>>>

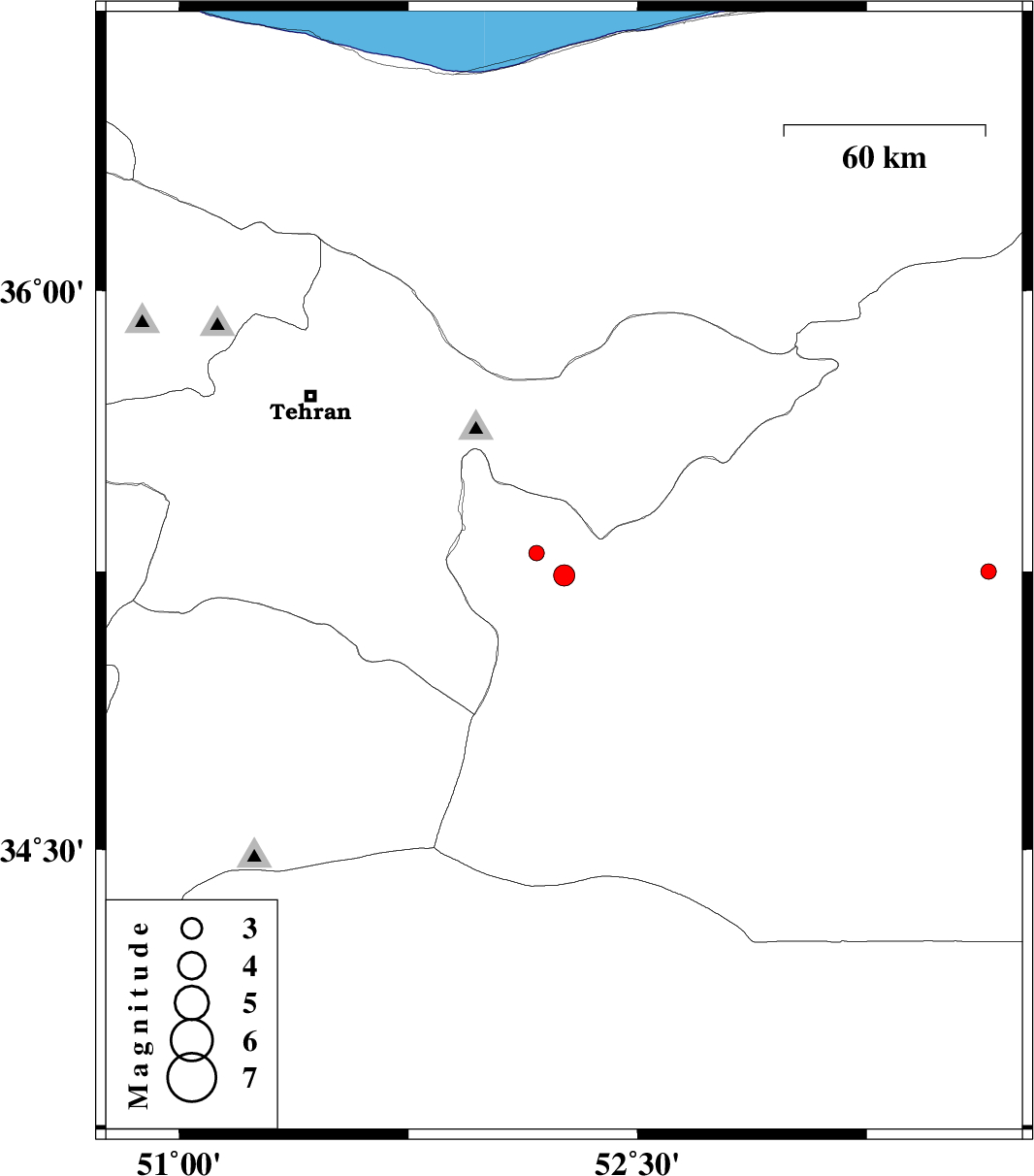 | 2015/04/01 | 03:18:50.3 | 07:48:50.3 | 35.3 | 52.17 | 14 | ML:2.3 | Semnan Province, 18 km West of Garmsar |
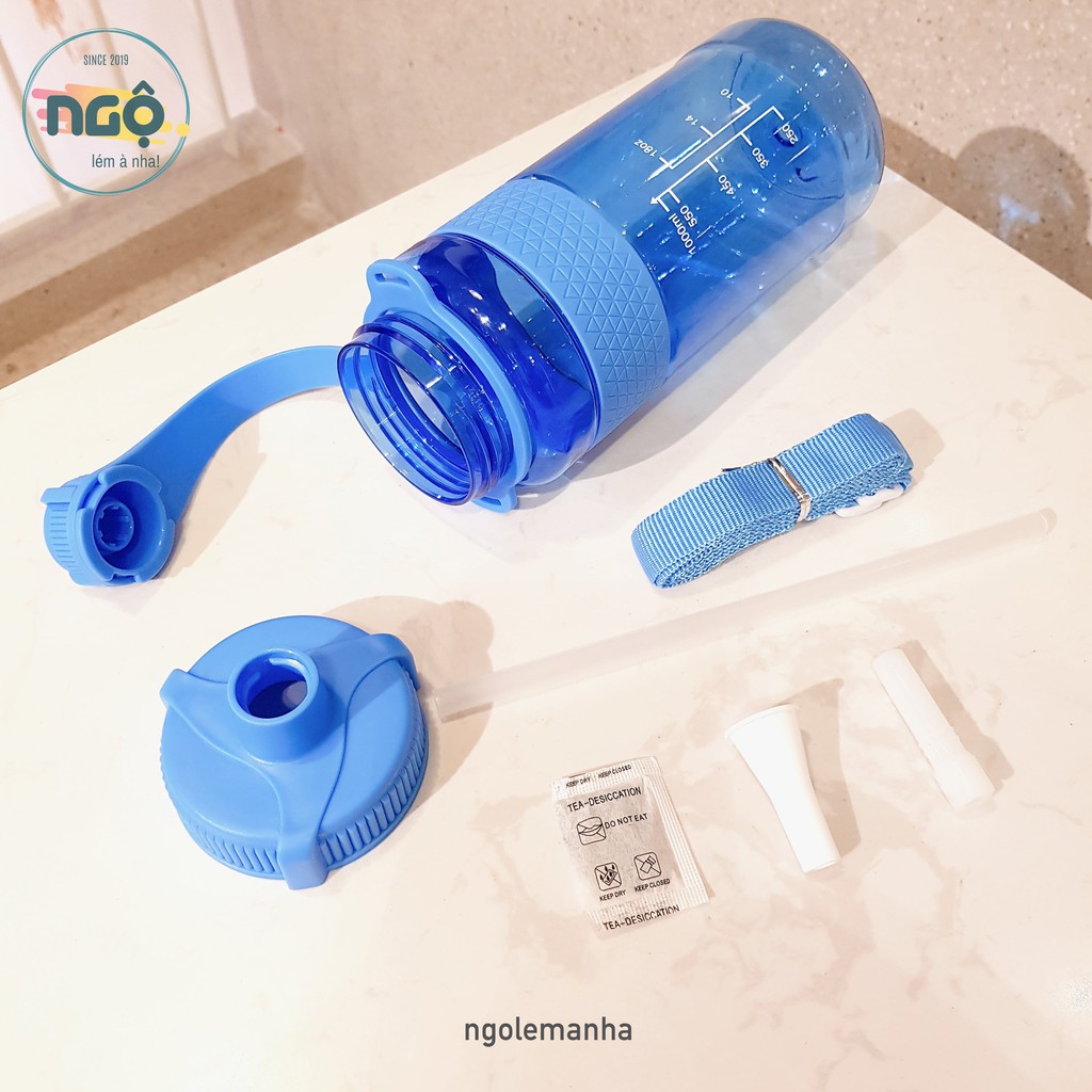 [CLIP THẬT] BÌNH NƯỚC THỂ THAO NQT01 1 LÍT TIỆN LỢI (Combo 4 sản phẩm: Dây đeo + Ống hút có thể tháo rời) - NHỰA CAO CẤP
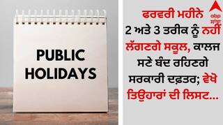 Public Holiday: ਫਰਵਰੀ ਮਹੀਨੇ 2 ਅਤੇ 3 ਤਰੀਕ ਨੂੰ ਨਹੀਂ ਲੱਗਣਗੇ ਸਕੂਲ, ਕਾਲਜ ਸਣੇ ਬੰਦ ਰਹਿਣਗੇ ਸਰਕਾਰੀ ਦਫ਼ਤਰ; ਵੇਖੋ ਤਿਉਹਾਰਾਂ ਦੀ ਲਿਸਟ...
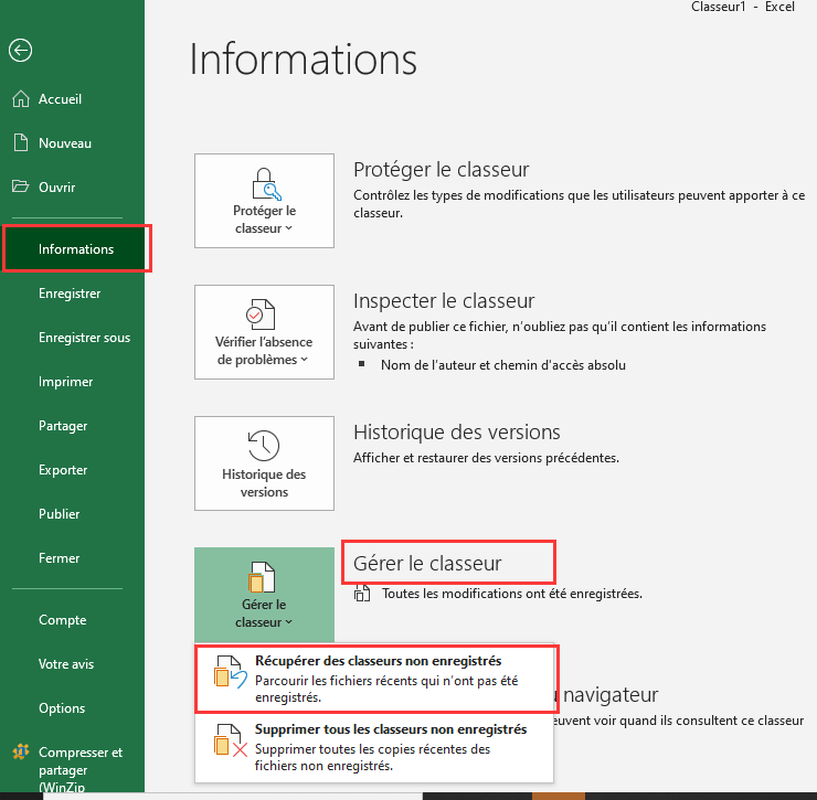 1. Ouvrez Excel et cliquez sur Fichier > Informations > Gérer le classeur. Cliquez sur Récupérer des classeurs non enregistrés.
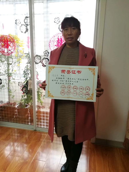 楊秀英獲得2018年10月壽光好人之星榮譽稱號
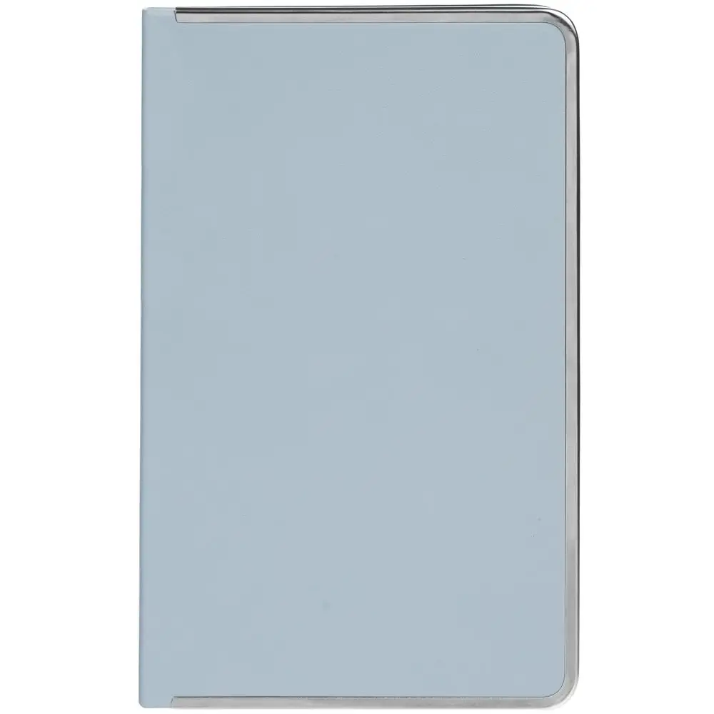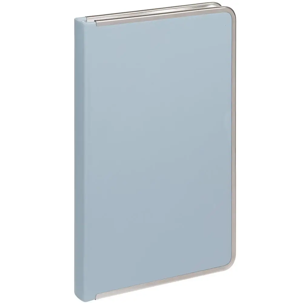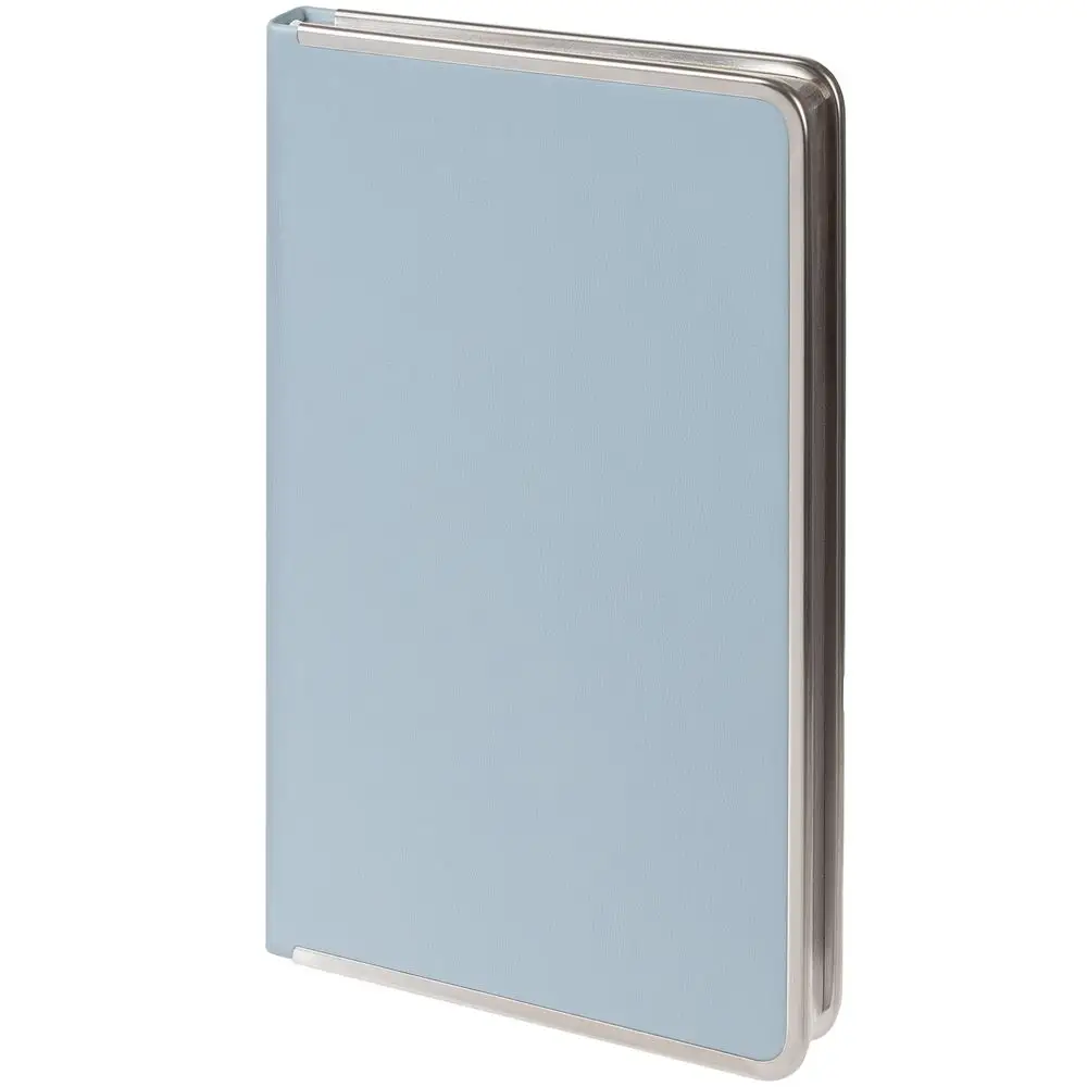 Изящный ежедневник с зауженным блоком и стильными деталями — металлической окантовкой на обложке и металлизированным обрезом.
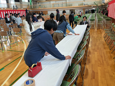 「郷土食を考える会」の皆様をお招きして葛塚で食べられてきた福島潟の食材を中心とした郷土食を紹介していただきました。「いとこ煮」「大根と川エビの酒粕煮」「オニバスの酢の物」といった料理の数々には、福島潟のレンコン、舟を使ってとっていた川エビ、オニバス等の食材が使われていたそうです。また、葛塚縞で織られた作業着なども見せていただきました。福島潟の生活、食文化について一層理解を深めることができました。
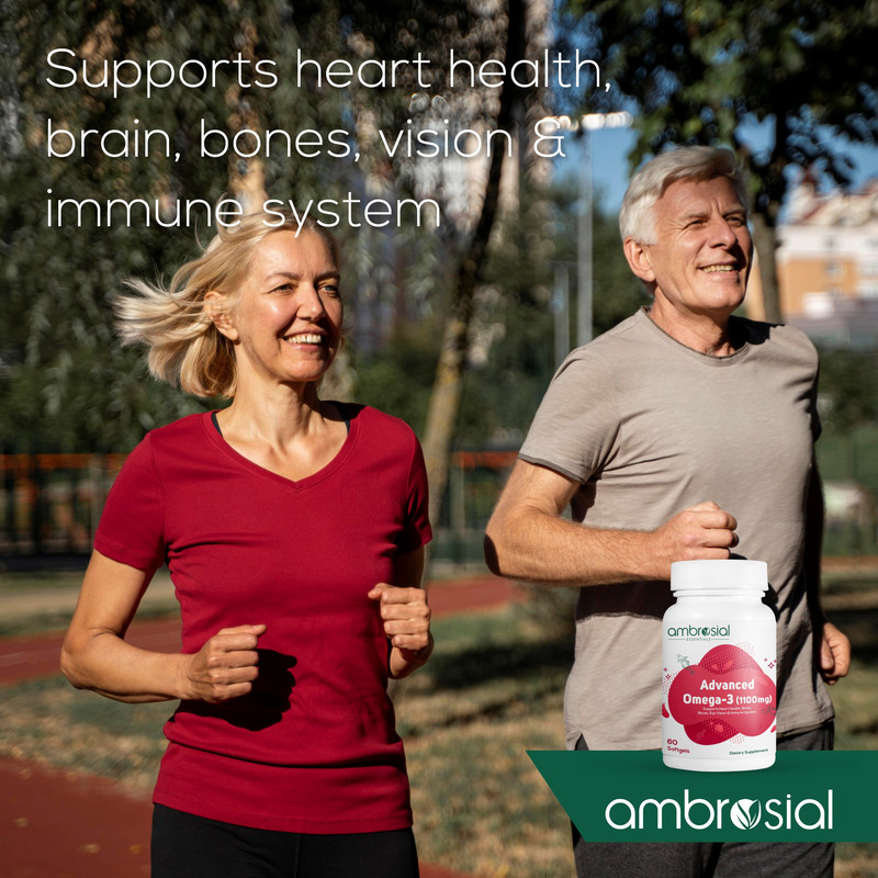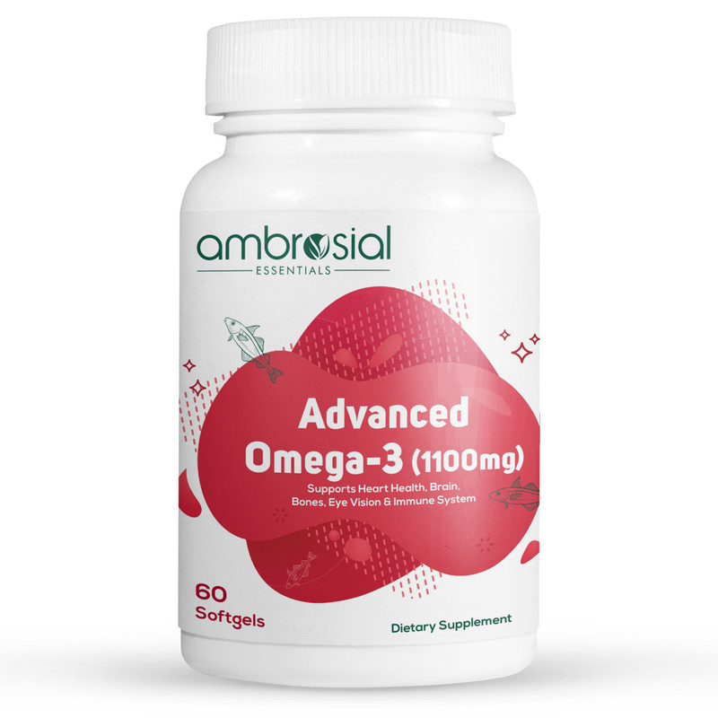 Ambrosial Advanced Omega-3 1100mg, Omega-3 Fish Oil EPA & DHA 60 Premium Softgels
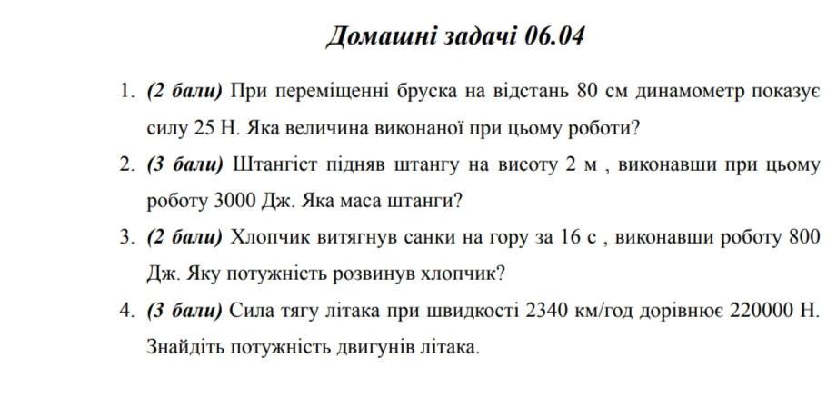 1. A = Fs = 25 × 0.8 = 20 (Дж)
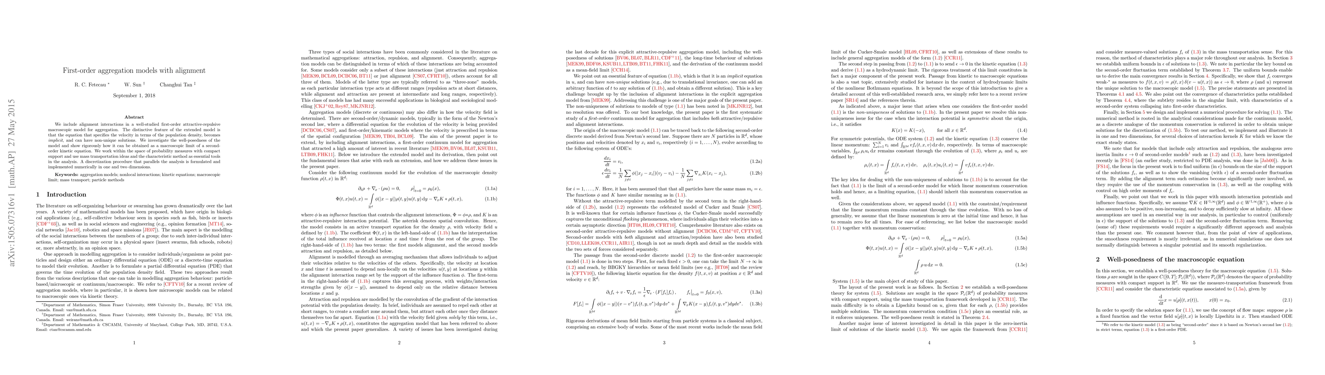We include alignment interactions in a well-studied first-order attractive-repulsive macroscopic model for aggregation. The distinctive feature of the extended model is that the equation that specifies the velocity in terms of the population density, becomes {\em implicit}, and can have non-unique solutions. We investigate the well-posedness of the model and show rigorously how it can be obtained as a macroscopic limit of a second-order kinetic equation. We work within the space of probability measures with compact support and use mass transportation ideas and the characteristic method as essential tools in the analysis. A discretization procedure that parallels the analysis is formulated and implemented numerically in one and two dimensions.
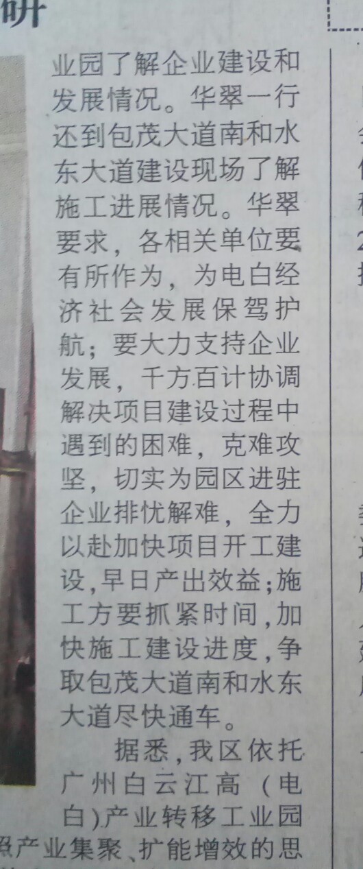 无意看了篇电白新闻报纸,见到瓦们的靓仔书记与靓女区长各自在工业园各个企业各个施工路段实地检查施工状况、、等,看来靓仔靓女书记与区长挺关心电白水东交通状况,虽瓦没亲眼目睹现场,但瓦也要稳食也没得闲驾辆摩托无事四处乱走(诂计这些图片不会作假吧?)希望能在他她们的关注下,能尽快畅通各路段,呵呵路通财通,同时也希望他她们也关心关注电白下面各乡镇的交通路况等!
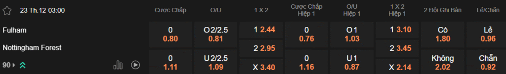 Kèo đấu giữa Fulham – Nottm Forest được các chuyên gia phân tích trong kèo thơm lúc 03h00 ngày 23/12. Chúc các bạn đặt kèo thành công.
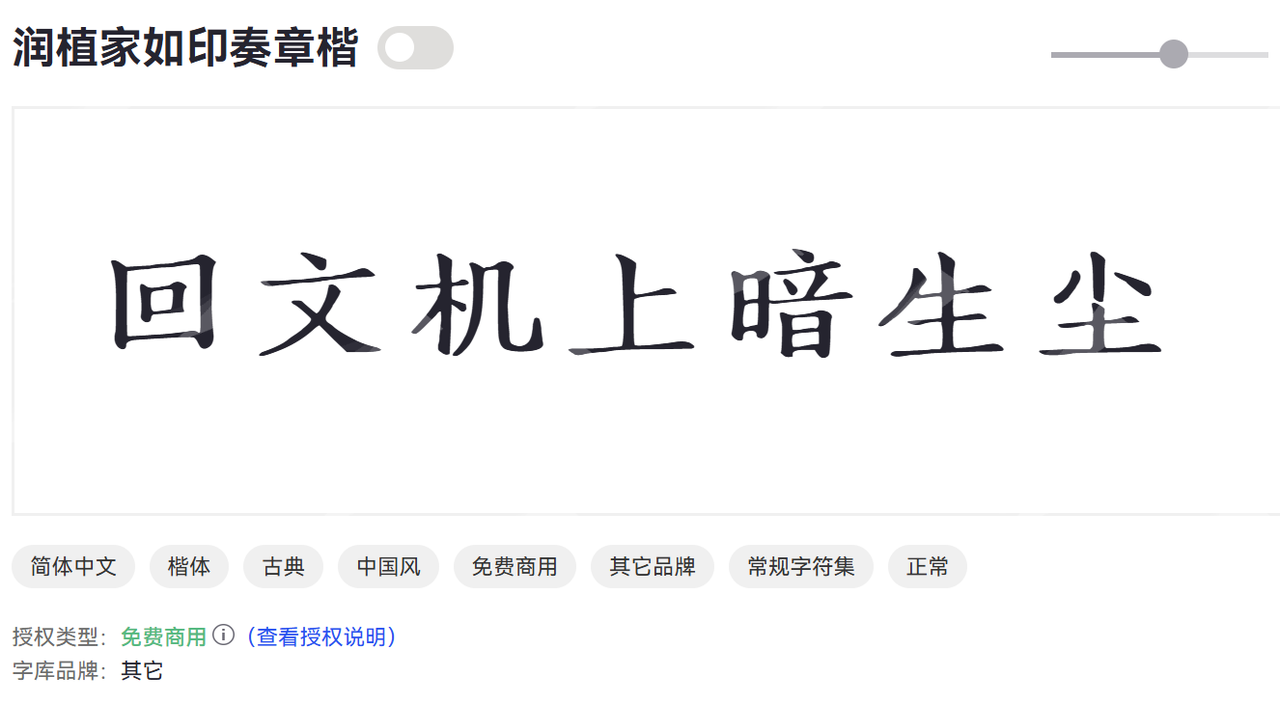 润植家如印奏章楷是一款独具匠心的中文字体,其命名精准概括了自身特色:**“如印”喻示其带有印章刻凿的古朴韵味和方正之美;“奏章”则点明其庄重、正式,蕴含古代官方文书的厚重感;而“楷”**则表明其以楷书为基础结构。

<<<

TASK GOAL
The entries above should be retyped word for word, with all pictures omitted.

ANSWER SECTION
 | 2015/04/01 | 03:18:50.3 | 07:48:50.3 | 35.3 | 52.17 | 14 | ML:2.3 | Semnan Province, 18 km West of Garmsar |
 [CLIP THẬT] BÌNH NƯỚC THỂ THAO NQT01 1 LÍT TIỆN LỢI (Combo 4 sản phẩm: Dây đeo + Ống hút có thể tháo rời) - NHỰA CAO CẤP
 Public Holiday: ਫਰਵਰੀ ਮਹੀਨੇ 2 ਅਤੇ 3 ਤਰੀਕ ਨੂੰ ਨਹੀਂ ਲੱਗਣਗੇ ਸਕੂਲ, ਕਾਲਜ ਸਣੇ ਬੰਦ ਰਹਿਣਗੇ ਸਰਕਾਰੀ ਦਫ਼ਤਰ; ਵੇਖੋ ਤਿਉਹਾਰਾਂ ਦੀ ਲਿਸਟ...
 1. Ouvrez Excel et cliquez sur Fichier > Informations > Gérer le classeur. Cliquez sur Récupérer des classeurs non enregistrés.
 楊秀英獲得2018年10月壽光好人之星榮譽稱號
 Изящный ежедневник с зауженным блоком и стильными деталями — металлической окантовкой на обложке и металлизированным обрезом.
 「郷土食を考える会」の皆様をお招きして葛塚で食べられてきた福島潟の食材を中心とした郷土食を紹介していただきました。「いとこ煮」「大根と川エビの酒粕煮」「オニバスの酢の物」といった料理の数々には、福島潟のレンコン、舟を使ってとっていた川エビ、オニバス等の食材が使われていたそうです。また、葛塚縞で織られた作業着なども見せていただきました。福島潟の生活、食文化について一層理解を深めることができました。
 Ambrosial Advanced Omega-3 1100mg, Omega-3 Fish Oil EPA & DHA 60 Premium Softgels
 1. A = Fs = 25 × 0.8 = 20 (Дж)
We include alignment interactions in a well-studied first-order attractive-repulsive macroscopic model for aggregation. The distinctive feature of the extended model is that the equation that specifies the velocity in terms of the population density, becomes {\em implicit}, and can have non-unique solutions. We investigate the well-posedness of the model and show rigorously how it can be obtained as a macroscopic limit of a second-order kinetic equation. We work within the space of probability measures with compact support and use mass transportation ideas and the characteristic method as essential tools in the analysis. A discretization procedure that parallels the analysis is formulated and implemented numerically in one and two dimensions.
 无意看了篇电白新闻报纸,见到瓦们的靓仔书记与靓女区长各自在工业园各个企业各个施工路段实地检查施工状况、、等,看来靓仔靓女书记与区长挺关心电白水东交通状况,虽瓦没亲眼目睹现场,但瓦也要稳食也没得闲驾辆摩托无事四处乱走(诂计这些图片不会作假吧?)希望能在他她们的关注下,能尽快畅通各路段,呵呵路通财通,同时也希望他她们也关心关注电白下面各乡镇的交通路况等!
 Kèo đấu giữa Fulham – Nottm Forest được các chuyên gia phân tích trong kèo thơm lúc 03h00 ngày 23/12. Chúc các bạn đặt kèo thành công.
 润植家如印奏章楷是一款独具匠心的中文字体,其命名精准概括了自身特色:**“如印”喻示其带有印章刻凿的古朴韵味和方正之美;“奏章”则点明其庄重、正式,蕴含古代官方文书的厚重感;而“楷”**则表明其以楷书为基础结构。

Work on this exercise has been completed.